ACTIVITY
The material below holds pictures, which are to be left out; copy exactly the lines from the one with "我校学生雷子周在成都市2024年经典阅读活动中被评为阅读之星" through the one with "皮尔卡丹男士夏季西服休闲便西轻薄款小西装中年爸爸韩版修身春秋防晒外套针织 藏青色 170/M".

EXTRACTED RECORDS
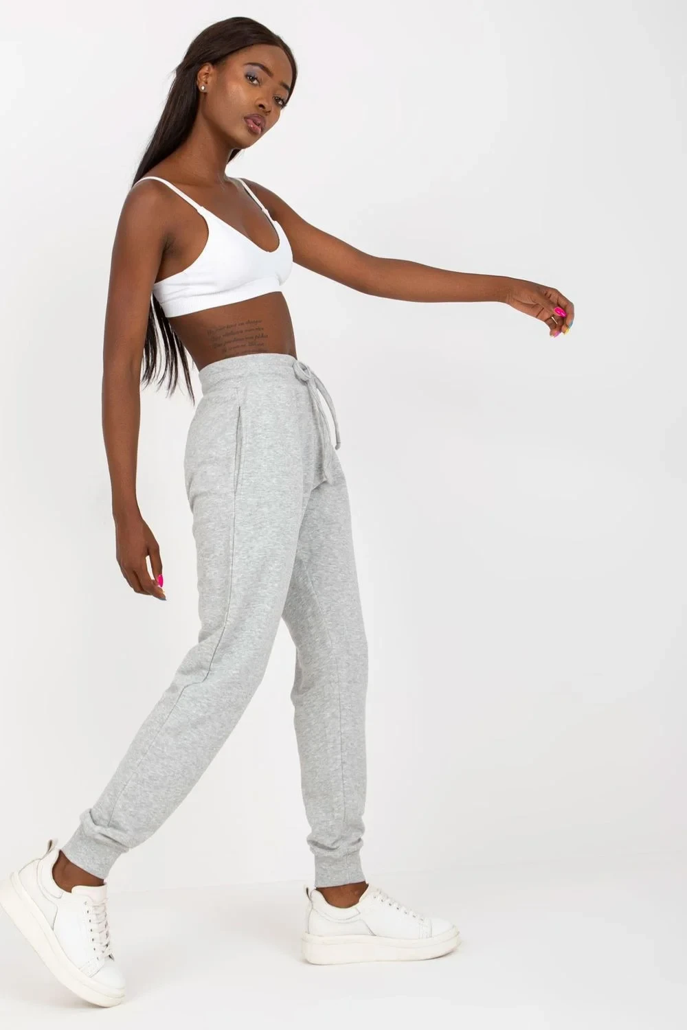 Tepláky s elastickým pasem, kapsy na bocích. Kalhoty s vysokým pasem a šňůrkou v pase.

--

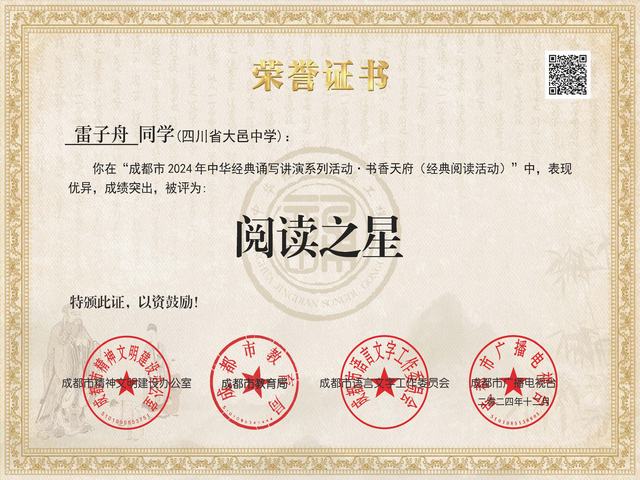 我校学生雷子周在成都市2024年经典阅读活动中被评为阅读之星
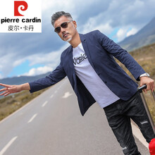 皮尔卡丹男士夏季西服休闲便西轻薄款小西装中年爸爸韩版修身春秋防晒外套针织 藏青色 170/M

* * *

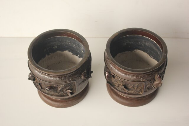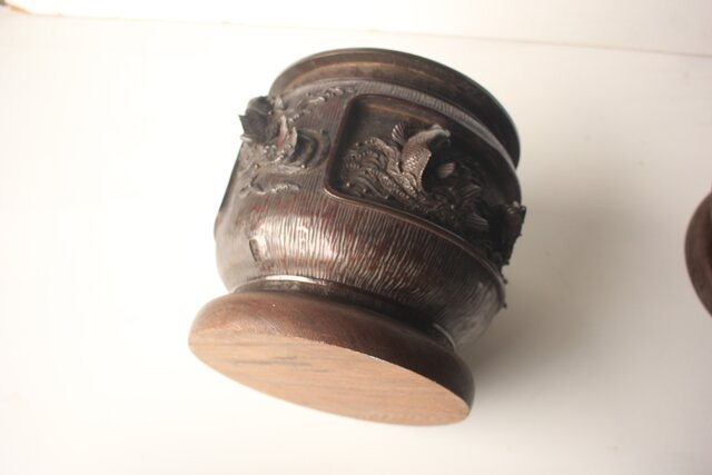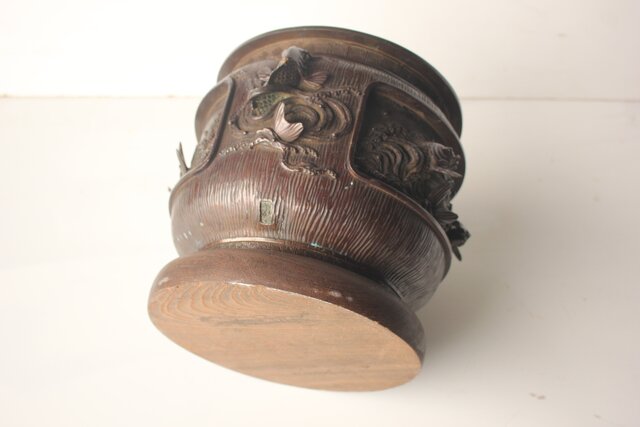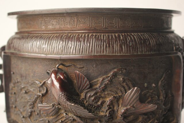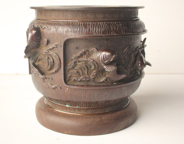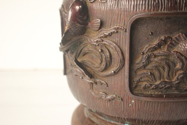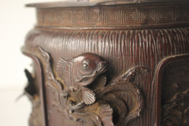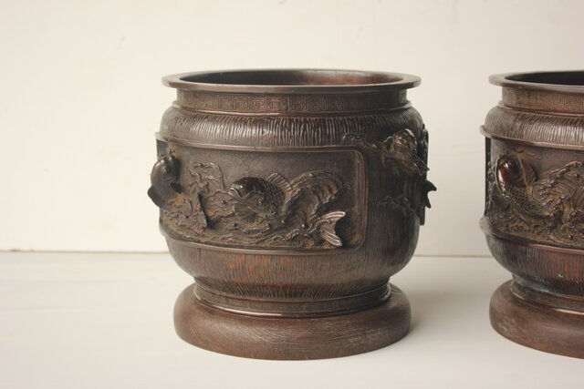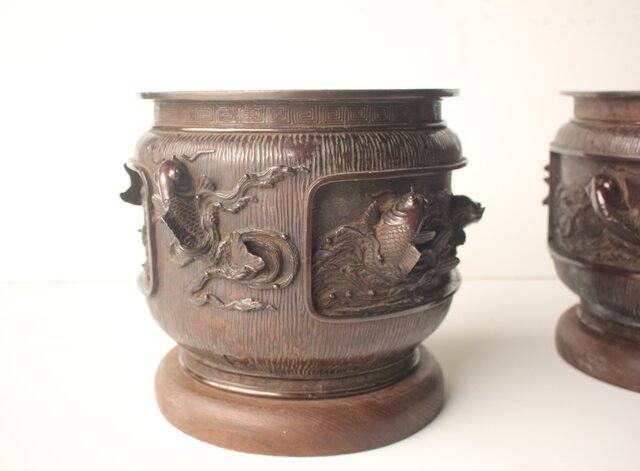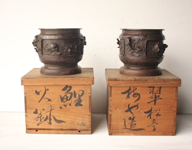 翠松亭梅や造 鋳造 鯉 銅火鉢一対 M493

FINAL ANSWER
 我校学生雷子周在成都市2024年经典阅读活动中被评为阅读之星
 皮尔卡丹男士夏季西服休闲便西轻薄款小西装中年爸爸韩版修身春秋防晒外套针织 藏青色 170/M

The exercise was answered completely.